Tim Dutton, Director of Bridge Academy in Bridgeport, introduced this charter school to Westport Sunrise Rotary on Friday.
Bridge is a charter school, one the club supports financially and professionally. It is a public school subject to the same laws and mandates as the Bridgeport school system. Unlike other city schools, Bridge is overseen by its own non-profit board. It is separately funded – about 85% comes from the state, 10% from the federal government, and only about 5% from private sources.
Students are selected by lottery. Many parents seek out Bridge Academy because it is “smaller and safer.” Bridge’s school day and school year are similar to the city’s, making it attractive to students similar to those in the city system, including special education and English Language Learners. In contrast, some charter schools, ones with longer school days and a longer year, Dutton labeled “educational boot camps” and noted that they draw a more homogeneous cohort.
Bridge began as a four year high school when Connecticut issued its first charters in 1997. It added seventh and eighth grades six years ago and today educates 180 high school students and 60 middle schoolers.
Now, after a couple of moves as it grew, the school is housed in the former Frisbie Pie Company plant (yes, the one that gave its name to what started as pie tin tossing) on the east side of Bridgeport.
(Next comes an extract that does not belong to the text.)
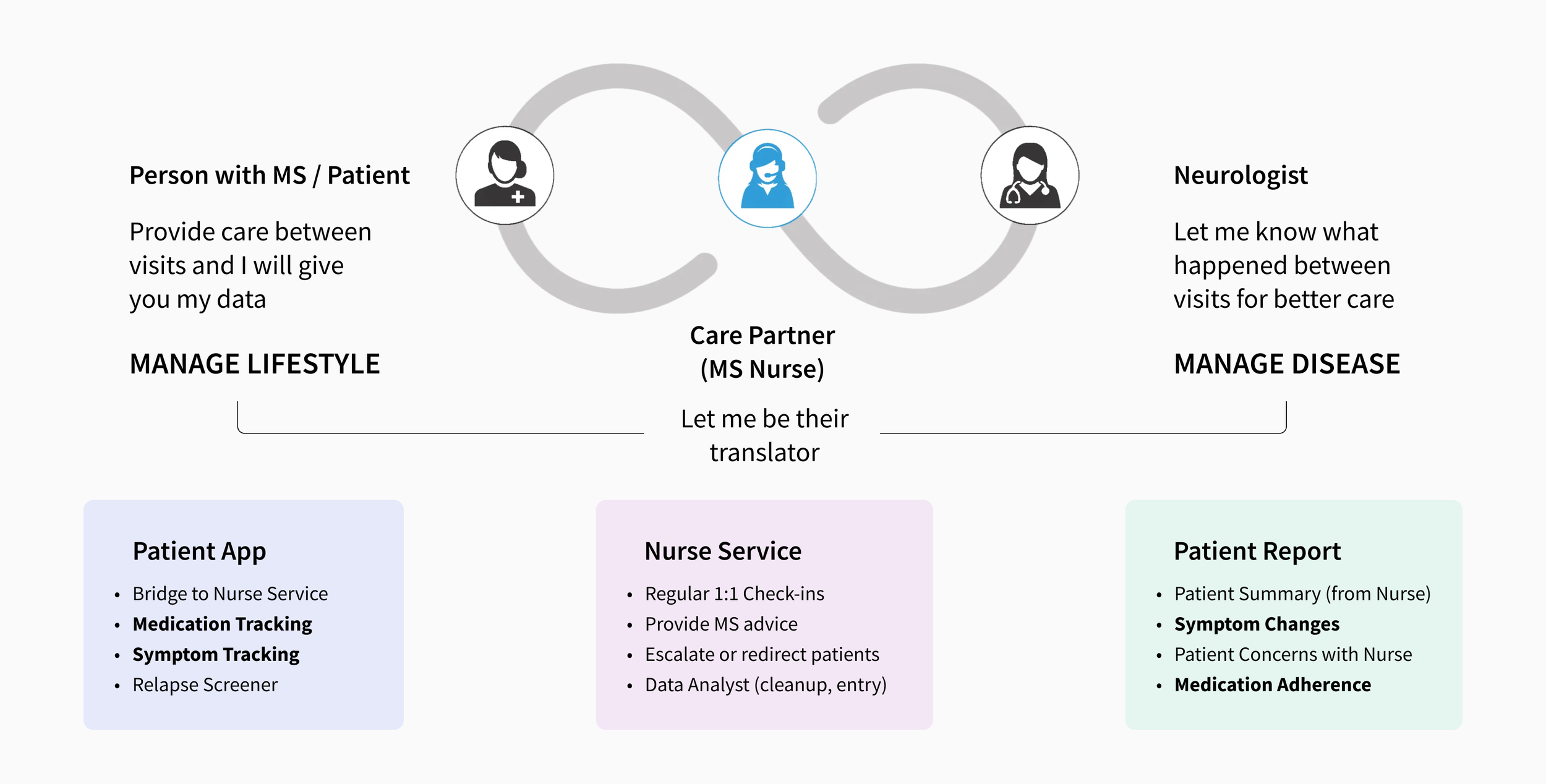This case study highlights one aspect of the broader system I designed. Beyond the tracking, I designed the MS Nurse service model, defining how nurses provide value, how the app enables communication and coordination for monthly check-ins, and what happens during those sessions.
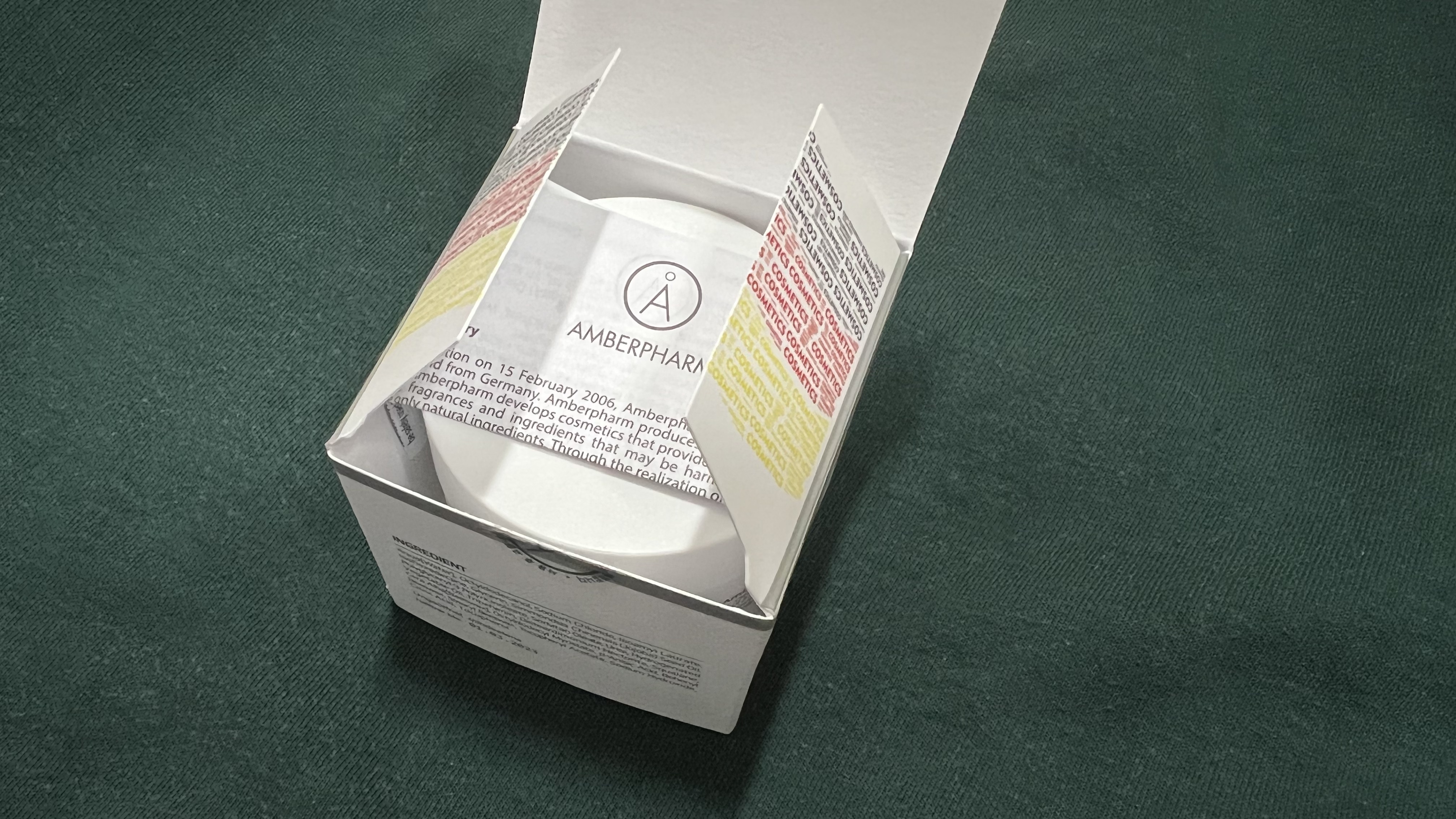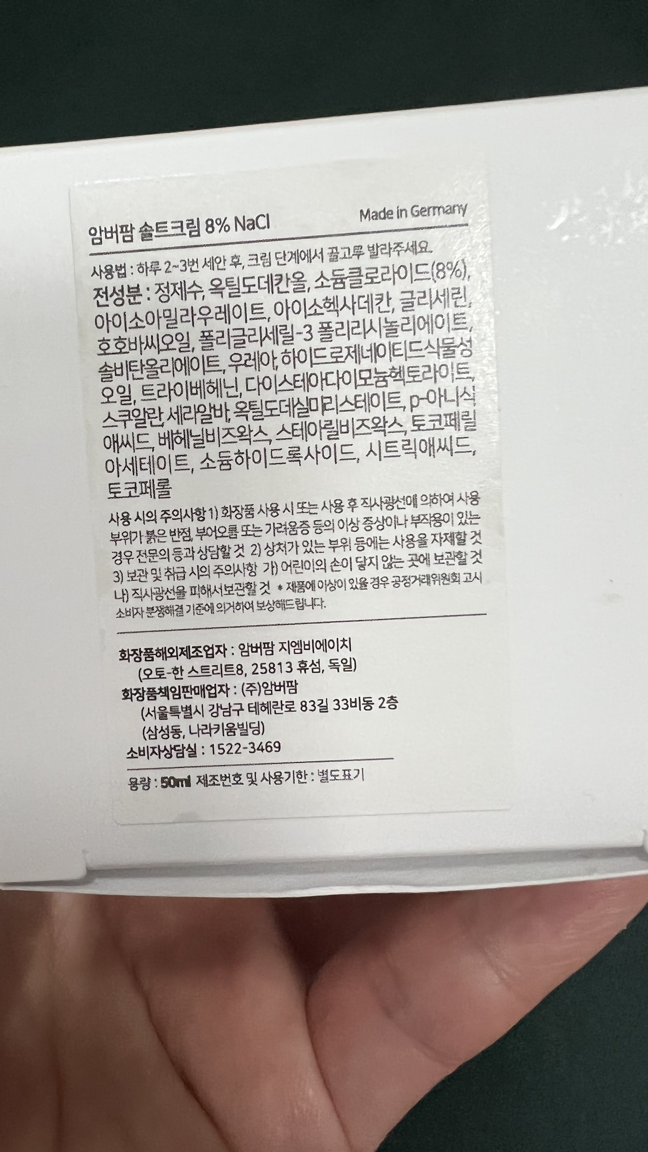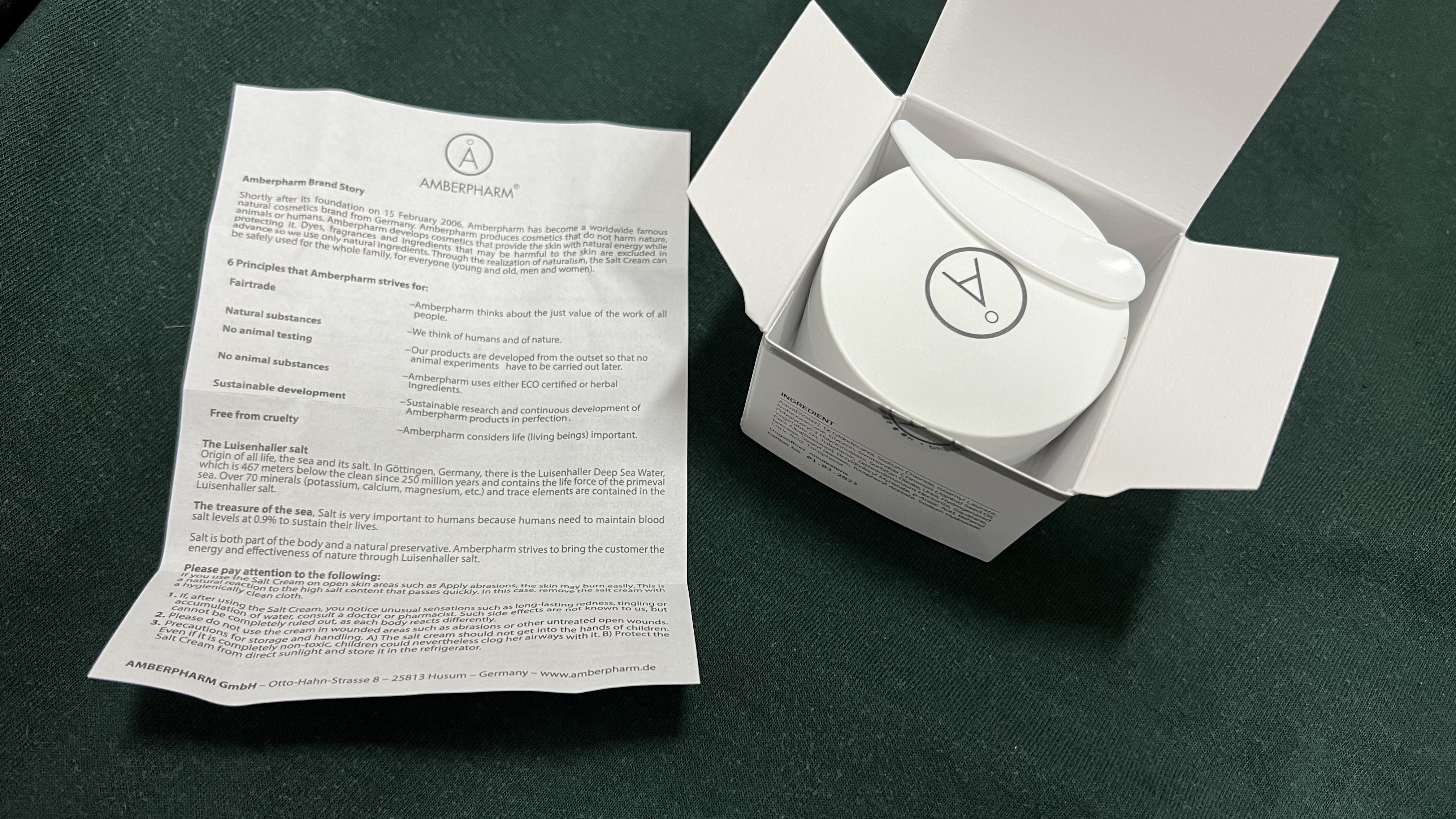 박스를 열면 설명서와 스파츌러가 함께 들어있다. 암버팜 솔트크림에는 루이젠할 솔트, 스쿠알란, 호호바씨 오일, 우레아 등의 성분이 함유되어 있다. 그 중에서도 가장 눈여겨 볼만한 성분은 루이젠할 솔트이다. 약 2억 5천만년 전 동안 오염되지 않은 원시 자연 그대로의 청정지역, 원시바다의 생명력을 품고 있는 심층 염천수의 소금을 사용하는데, 일반 바다의 염분은 6%인 반면에 루이젠할 염천수는 27%의 고농도로 피부의 유해한 환경으로부터 피부를 보호하는 바이오막 역할을 한다. 암버팜 솔트크림에는 8%의 루이젠할 솔트가 들어있어 깊은 보습감을 느낄 수 있는 것이다.

This June saw the first graduation of students who attended for all six years. And one of this year’s graduates earned the school’s first Ivy League acceptance, to Dartmouth.
Dutton began teaching physics in 1989 in Darien. Three years later he moved to Harding High School in Bridgeport where he taught for five years, then helped start up Bridge Academy.
His rationale for becoming a part of Bridge Academy was simple – “Harding has 900 students – 400 in the 9th grade.” Bridge seeks to raise what is a city wide graduation rate of 50%.
Bridge seeks to help every graduate gain at least one college acceptance – most for four year programs, others to two year or community colleges. Yet even as the number and quality of acceptances grows, Dutton noted that some parents worry that they “may be signing on for debt for students who won’t complete their college studies.”
To address this concern, particularly in the current weak economy, the school is developing more vocationally oriented courses to provide a more attainable program for those who may not see themselves as college candidates.
Dutton told the group that Bridge Academy differs from the city’s schools in many fundamental ways – size aside. One is that it has no teachers’ union – “why would I pay $700 to negotiate against myself.”
Another, and this seems at the core of what makes Bridge’s teachers effective, is that they have greater classroom management autonomy than do the city’s teachers. This affords more individualized instruction, and has resulted in Bridge students scoring 10 to 15 percent higher than their peers in the city system. The other side of this trade is that the school can require greater professional accountability.
Last September Bridge Academy had its charter renewed for the next five years, it is now a six year school, and it has had its first Ivy League acceptance. All speak to its success. This makes Bridge Academy important as the city’s schools’ administration looks to its charter schools as paradigms for higher levels of achievement across a larger part of the the city’s 21,000 students.